» MATERIAL SUPPLIED
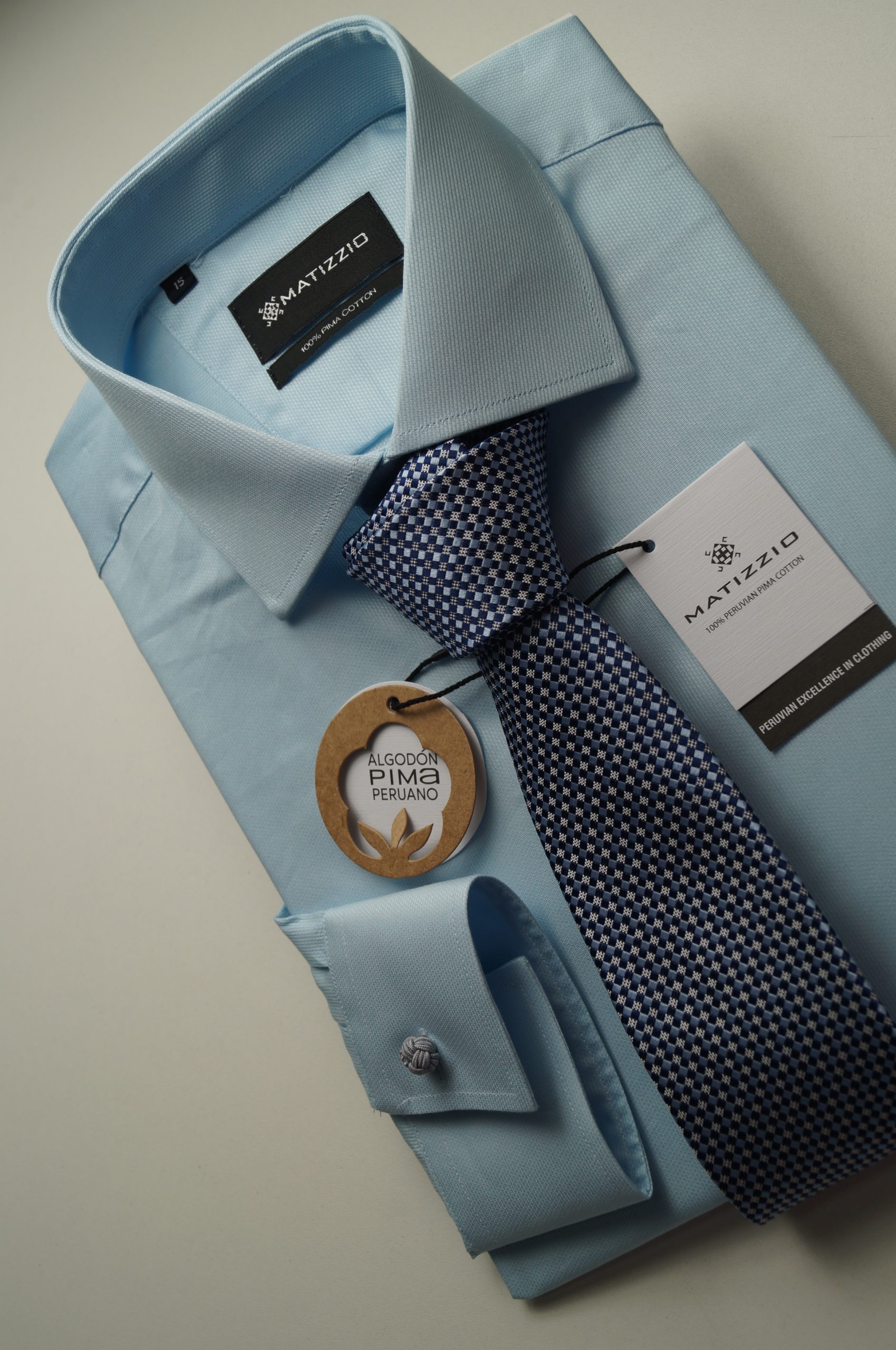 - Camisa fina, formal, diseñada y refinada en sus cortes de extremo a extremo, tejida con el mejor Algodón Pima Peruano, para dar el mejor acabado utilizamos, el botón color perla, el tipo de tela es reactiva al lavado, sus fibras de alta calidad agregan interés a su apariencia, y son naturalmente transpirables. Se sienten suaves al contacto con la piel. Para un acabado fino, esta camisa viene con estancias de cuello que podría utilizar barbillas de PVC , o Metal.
* * *
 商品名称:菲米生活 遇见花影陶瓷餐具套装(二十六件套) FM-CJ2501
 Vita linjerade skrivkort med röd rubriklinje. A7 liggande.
==
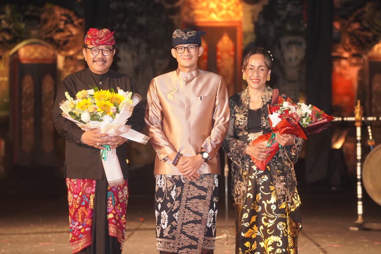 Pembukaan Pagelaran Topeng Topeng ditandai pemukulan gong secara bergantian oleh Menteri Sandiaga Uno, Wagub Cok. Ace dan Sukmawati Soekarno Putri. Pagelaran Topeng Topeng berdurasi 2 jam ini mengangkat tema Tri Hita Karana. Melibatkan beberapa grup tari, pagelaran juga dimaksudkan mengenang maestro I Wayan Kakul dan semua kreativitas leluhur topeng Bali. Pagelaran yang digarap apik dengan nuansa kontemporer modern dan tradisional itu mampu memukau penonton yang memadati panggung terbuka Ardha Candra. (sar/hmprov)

» EXERCISE GOAL
Everything from the line with "商品名称:菲米生活 遇见花影陶瓷餐具套装(二十六件套) FM-CJ2501" through the line with "Vita linjerade skrivkort" in the listing above must be retyped exactly, with nothing added.

» TASK SOLUTION
 商品名称:菲米生活 遇见花影陶瓷餐具套装(二十六件套) FM-CJ2501
 Vita linjerade skrivkort med röd rubriklinje. A7 liggande.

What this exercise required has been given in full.